We determined several differences in performance between the tested chipsets, but we could not make out a clear overall winner or loser. In practice the differences aren't very big, so that a really well tuned board with chipset A can beat a less optimized board with chipset B.
In this case, a recommendation based on better performance would be questionable. We do see the following differentiation: If the product price is especially important, the chipsets from SiS and VIA come out on par; the choice can go to either one for most users.
As far as overclocking is concerned, there is no winner in this contest, either.

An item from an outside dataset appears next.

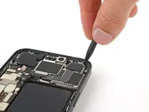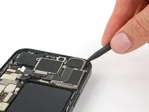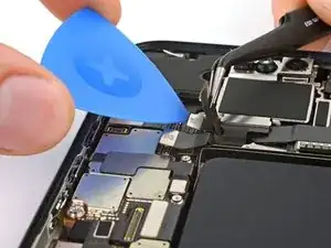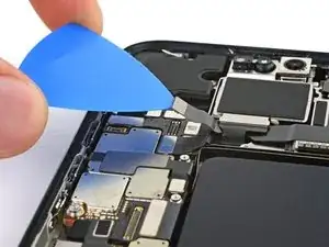 Используйте кончик медиатора, чтобы приподнять и отключить три защёлки задних камер в верхнем правом углу логической платы.

VIA has offered a fixed AGP and PCI rate since the K8T800 Pro supports HyperTransport and thus allow the Athlon64 to move towards maximum speed "without danger" - but this feature is hardly used by the boards available on the market due to their unreliability. Boards with the 755FX from SiS tend to be aimed at the lower-end market segment, so they do not generally offer useful overclocking functions.
The nForce3 Ultra is way up at the top, price- and functionality-wise. It is the only contender that offers an integrated gigabit network controller, including an innovative firewall, as well as four SATA ports. Unlike the new Intel 915 and 925 chipsets, the manufacturer was content with two UltraATA/133 channels, thus ensuring support for older hard disks and optical drives.
When the next chipset versions come out later in the year, it will be time to reshuffle the deck, especially with each manufacturer following a different strategy. The new boards won't be any faster, since all the performance relevant factors are part of the processor with the Athlon64. If you can live without PCI Express, you are sure to find a good deal when autumn arrives.